Despite the lack of NICU-specific data and the potential ramifications of decolonization, NICUs have adopted various decolonization protocols and infection control strategies because of the significant morbidity and mortality associated with S. aureus infections. Certainly, we could accept a particular level of risk associated with infection control strategies if these strategies prevented devastating S. aureus infections. However, recent data demonstrate a lack of efficacy of current aggressive decolonization protocols. Popoola and colleagues10 recently published their experience of implementation of intense infection control measures in their NICU over a 4-year period, including decolonization of infants and health-care workers, cohorting of colonized infants, routine surveillance cultures and increase in hand washing compliance. However, despite these aggressive measures, there was continued transmission of MRSA and subsequent infections occurred in colonized infants despite attempted decolonization.

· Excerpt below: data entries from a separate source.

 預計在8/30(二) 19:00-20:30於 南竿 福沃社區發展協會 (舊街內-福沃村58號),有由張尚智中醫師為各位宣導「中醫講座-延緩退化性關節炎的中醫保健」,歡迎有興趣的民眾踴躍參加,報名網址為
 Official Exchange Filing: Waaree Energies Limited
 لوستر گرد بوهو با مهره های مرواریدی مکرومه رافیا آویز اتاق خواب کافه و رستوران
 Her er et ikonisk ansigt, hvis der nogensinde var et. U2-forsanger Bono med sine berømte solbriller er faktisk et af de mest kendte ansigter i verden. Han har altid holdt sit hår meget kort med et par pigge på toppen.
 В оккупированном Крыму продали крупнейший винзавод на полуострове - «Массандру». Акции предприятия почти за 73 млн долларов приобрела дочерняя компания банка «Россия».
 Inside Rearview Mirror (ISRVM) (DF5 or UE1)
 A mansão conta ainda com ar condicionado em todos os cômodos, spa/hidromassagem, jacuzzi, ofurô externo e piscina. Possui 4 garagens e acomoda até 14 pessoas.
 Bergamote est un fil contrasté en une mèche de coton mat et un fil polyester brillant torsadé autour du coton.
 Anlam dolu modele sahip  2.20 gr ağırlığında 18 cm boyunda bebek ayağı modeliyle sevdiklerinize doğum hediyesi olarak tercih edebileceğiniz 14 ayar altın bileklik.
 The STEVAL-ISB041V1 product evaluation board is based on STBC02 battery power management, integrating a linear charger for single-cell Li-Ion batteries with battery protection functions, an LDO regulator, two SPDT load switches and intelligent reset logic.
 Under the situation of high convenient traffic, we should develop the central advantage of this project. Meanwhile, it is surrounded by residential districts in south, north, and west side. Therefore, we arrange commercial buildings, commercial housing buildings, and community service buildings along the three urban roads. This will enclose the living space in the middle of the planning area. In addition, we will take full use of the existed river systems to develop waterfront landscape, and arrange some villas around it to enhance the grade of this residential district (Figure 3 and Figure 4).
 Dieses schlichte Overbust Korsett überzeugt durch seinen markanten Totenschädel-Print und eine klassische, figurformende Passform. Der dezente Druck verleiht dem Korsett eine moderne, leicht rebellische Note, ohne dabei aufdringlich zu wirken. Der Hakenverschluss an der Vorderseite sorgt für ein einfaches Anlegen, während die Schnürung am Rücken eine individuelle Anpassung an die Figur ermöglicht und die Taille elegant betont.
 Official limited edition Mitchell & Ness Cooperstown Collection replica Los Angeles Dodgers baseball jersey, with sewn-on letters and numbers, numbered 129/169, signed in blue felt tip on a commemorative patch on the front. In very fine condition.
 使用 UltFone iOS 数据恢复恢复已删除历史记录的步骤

Therefore, meticulous practice of infection prevention and control is our best weapon currently. With the blurry border between MRSA and MSSA, screening or isolating only for MRSA is short-sighted, particularly in neonates. Placing MRSA-positive infants on contact precautions, but not MSSA-colonized infants, is an out-dated and potentially dangerous approach to infection control in the NICU. Judicious use of antibiotics that alter flora, as well as removal of catheters that breech barriers as soon as possible are critical prevention tools.

The natural history of current S. aureus community-based epidemics suggests that control will be challenging and eradication impossible. However, it is our responsibility to keep the war going, as defeat is not an option. Optimal management and prevention of S. aureus infections in nurseries will require well-designed, scientifically rigorous, prospective intervention and outcome studies. These are our opportunities to advance effective strategies, and to direct research and development of novel approaches that might include vaccination, specific antibody or antimicrobial prophylaxis, or topical decontaminants. However, no new strategy will replace the basic infection control practices of handwashing and maintaining vigilance to protect each patient one at a time.